What can you build once you have the basics?

The most immediate efficiency gain is building a reusable template. Duplicate any finished video from the dashboard and replace only the script — avatar, background, branding, and layout stay identical. For teams producing weekly training content, this cuts production time from 20 minutes to closer to 5.

For higher-volume workflows, Synthesia has an API that accepts script text and returns a rendered video URL. It requires the Enterprise plan, but it maps cleanly to automation tools like Zapier — you can trigger a new video from a spreadsheet row, a CRM update, or a form submission without touching the editor at all.

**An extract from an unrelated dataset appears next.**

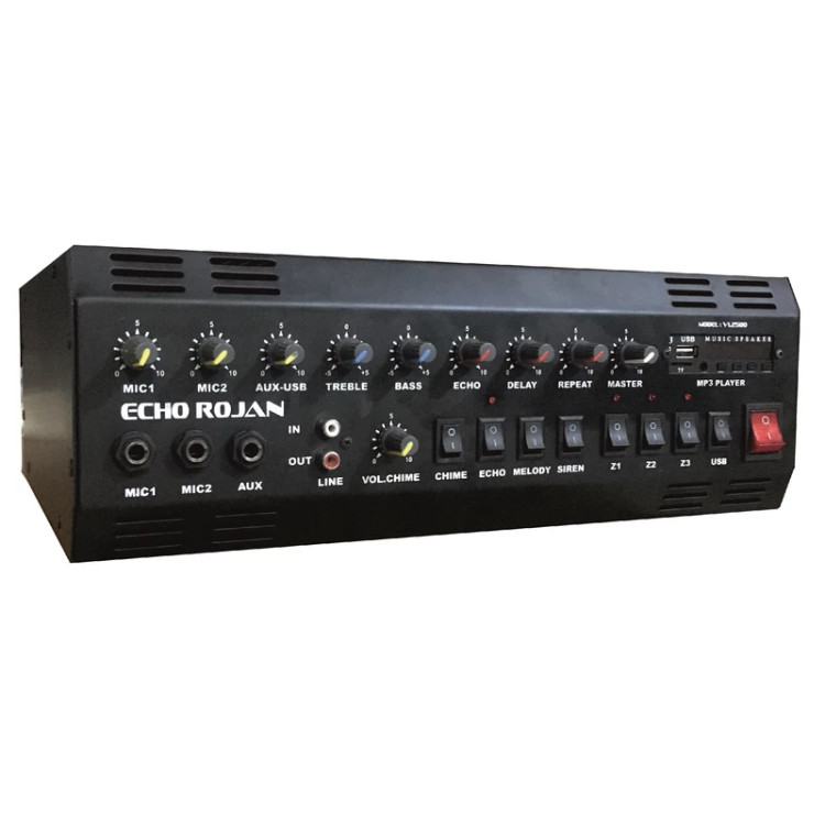 اکو آمپلی فایر Rojan VL2500 از سری تجهیزات صوتی است که دارای 2 ورودی میکروفون با ولوم کنترل صدای جدا شده دارد که یک میکروفون AUX با ولوم کنترل صدای مجزا و نیز خروجی به منظور اتصال به دستگاه های دیگری نظیر دوربین است. این اکو امپلی فایر توانایی اتصال برق 12 ولتی (برق ماشین) و همینطور امکان پخش و ضبط صدا به صورت MP3 و SAVE در کارت SD و نیز پورت USB و موج رادیویی FM وهمچنین توانایی پشتیبانی از بلوتوث را دارد.امپلی فایر مدل VL1800 امکان وصل شدن به صورت همزمان به بلندگوهای پیجینگ دار و بلندگوهای اهمی را نیز دارد. در این امپلی فایر قدرت خروجی صدا 250 وات واقعی است و دارای کلید پیش رنگ (Chime) و آژیر و ملودی است. در این مطلب سعی کردیم با معرفی کامل امپلی فایر VL2500 اطلاعات کاملی را در اختیار کاربران قرار دهیم در صورتی که شما نیز به منظور اجرای پروژه های خود به یک امپلی فایر با کیفیت نیاز دارید در ادامه با ما همراه باشید تا با بررسی دقیق مشخصات فنی و امکانات این امپلی فایر به شما در انتخاب درست و متناسب با زمینه نیازتان کمک کنیم.
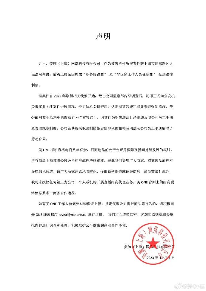 11月4日,美腕公司通過微博發(fā)布聲明稱,近日,美腕(上海)網(wǎng)絡(luò)科技有限公司作為被害單位所涉案件獲上海市浦東新區(qū)人民法院判決:前員工周某因構(gòu)成“職務(wù)侵占罪”及“非國家工作人員受賄罪”受到法律制裁。 該案件自2022年取得相關(guān)線索開始,經(jīng)由公司監(jiān)察部內(nèi)部調(diào)查后,隨即正式向公安機(jī)關(guān)報案并關(guān)注案件進(jìn)展情況。經(jīng)司法機(jī)關(guān)調(diào)查后,認(rèn)定周某涉嫌犯罪并采取強(qiáng)制措施。 美ONE對商業(yè)活動中的腐敗行為“零容忍”,因其行為明確違法且嚴(yán)重違反該公司員工手冊及管理規(guī)章制度,公司在其被采取強(qiáng)制措施后隨即依據(jù)相關(guān)勞動法及公司員工手冊解除了勞動合同。 此前有消息稱,美ONE公司一名“90后”招商專員為商家提供商品選送、直播排期等幫助,并收取好處費超百萬一事,一度登上微博熱搜。 11月4日,澎湃新聞記者獲悉,上海市浦東新區(qū)人民法院審理了這起直播公司招商專員利用職務(wù)便利犯罪的案件。該案被害企業(yè)美腕(上海)網(wǎng)絡(luò)科技有限公司(以下簡稱“美腕公司”)為美ONE品牌所屬公司,該企業(yè)孵化并運營了李佳琦直播間。 判決書顯示,被告人周某,男,1994年生。法院經(jīng)審理查明:2020年7月至2022年9月期間,周某在擔(dān)任美腕公司招商專員期間利用商務(wù)合作談判、商品選送、合同簽訂、排期溝通的職務(wù)便利,在明知美腕公司向美學(xué)(天津)科技有限公司(以下簡稱美學(xué)公司)收取的服務(wù)費用比例情況下,以美學(xué)公司產(chǎn)品未被選上為由,伙同同案關(guān)系人鄧某,經(jīng)合謀虛設(shè)上海瓊星文化傳媒工作室的中間環(huán)節(jié)向美學(xué)公司提供代理服務(wù),共計侵占公司費用55萬元。 2020年8月至2022年6月期間,周某在美腕公司任職招商專員期間,利用其職務(wù)便利,為廣州某公司與美腕公司之間的業(yè)務(wù)往來提供商品選送、直播排期等幫助,并多次收受廣州某公司相關(guān)人員送的好處費共計109萬元。 2023年4月18日,被告人周某因職務(wù)侵占事實被公安機(jī)關(guān)抓獲到案,后如實供述了職務(wù)侵占事實,并主動交代了公安機(jī)關(guān)尚未掌握的非國家工作人員受賄事實。案發(fā)后,被告人周某、鄧某分別向美腕公司退賠20萬元、35萬元。案件審理過程中,被告人周某向法院退繳109萬元。 上海市浦東新區(qū)人民法院認(rèn)為,被告人周某身為公司工作人員,利用職務(wù)上的便利,伙同他人將本單位財物非法占為己有,數(shù)額較大,其行為已構(gòu)成職務(wù)侵占罪,被告人周某又利用職務(wù)上的便利,在業(yè)務(wù)往來中非法收受他人財物,為他人謀取利益,數(shù)額巨大,其行為已構(gòu)成非國家工作人員受賄罪;被告人周某在判決宣告前犯兩罪,應(yīng)當(dāng)數(shù)罪并罰。同時,因其在職務(wù)侵占犯罪中具有坦白情節(jié),在非國家工作人員受賄犯罪中具有自首情節(jié),且自愿認(rèn)罪認(rèn)罰,退出全部賄賂款,且同他人共同退出全部職務(wù)侵占款,法院依法對其酌情從輕處罰。 10月20日,法院對此案作出一審判決:被告人周某犯非國家工作人員受賄罪,判處有期徒刑二年三個月,并處罰金人民幣十五萬元;犯職務(wù)侵占罪,判處有期徒刑一年三個月,并處罰金人民幣十萬元,決定執(zhí)行有期徒刑三年,緩刑四年,并處罰金人民幣二十五萬元。退繳在案的賄賂款,予以沒收;退繳的職務(wù)侵占款,發(fā)還被害單位。 美ONE聲明稱,招商選品的公平公正是保障直播間持續(xù)發(fā)展的底線。所有商品上播都將經(jīng)過公司標(biāo)準(zhǔn)流程嚴(yán)格審核。該公司提醒廣大商家,招商選品流程不存在綠色通道,請廣大商家注意風(fēng)險防范,仔細(xì)甄別虛假或誘導(dǎo)信息,謹(jǐn)慎交易!聲明稱,該公司未授權(quán)任何第三方公司、個人或機(jī)構(gòu)開展直播招商代理業(yè)務(wù),美ONE官網(wǎng)上的招商聯(lián)絡(luò)信息系唯一商務(wù)合作途徑。 聲明最后稱,“如有美ONE工作人員索要財物保證上播、指定代理公司提報商品等行為的,請積極向美ONE廉政郵箱reveal@meione.cc進(jìn)行舉報。我們將會遵循保密、客觀的原則就相關(guān)舉報內(nèi)容進(jìn)行調(diào)查和處理,積極維護(hù)公平健康的商業(yè)合作環(huán)境! |

If Synthesia’s avatar library doesn’t match your use case — say, you need a more cinematic look or you’re generating short-form creative content rather than training videos — HeyGen is worth a look as an alternative. It has a similar avatar-plus-script workflow but with stronger support for talking-head video styles and a more generous free tier. Neither tool handles everything; which one fits depends on what “professional video” means for your specific context.

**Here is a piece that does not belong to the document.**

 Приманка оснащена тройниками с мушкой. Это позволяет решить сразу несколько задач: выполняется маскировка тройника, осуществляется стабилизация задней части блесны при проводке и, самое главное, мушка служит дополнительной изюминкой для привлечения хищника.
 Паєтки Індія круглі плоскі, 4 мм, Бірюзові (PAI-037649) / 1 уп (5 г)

Frequently asked questions

Can you use Synthesia without paying?

The free trial lets you create one video and export it — enough to evaluate the full workflow. After that, you’ll need the Starter plan (around $22/month billed annually) to produce videos without watermarks on a recurring basis.

How many languages does Synthesia support?

As of mid-2026, over 140 languages with lip-sync that adjusts automatically when you swap the voice setting. You can localize a video into multiple languages by changing the voice and replacing the script text — no re-recording or re-configuring the scene needed.

Can Synthesia create a video from a PowerPoint or PDF?

Not directly — it doesn’t import files and convert them automatically. You can upload slides as images and place them in the media panel alongside your avatar, but you still write the script manually. There’s no automatic script generation from uploaded documents on standard plans.

Bottom line
Synthesia

If you need to produce training videos, product walkthroughs, or internal communications without camera equipment or editing skills, Synthesia is the most reliable path from script to finished MP4 we’ve found — provided you go in with realistic expectations about what the avatars look like and what the Starter plan actually includes.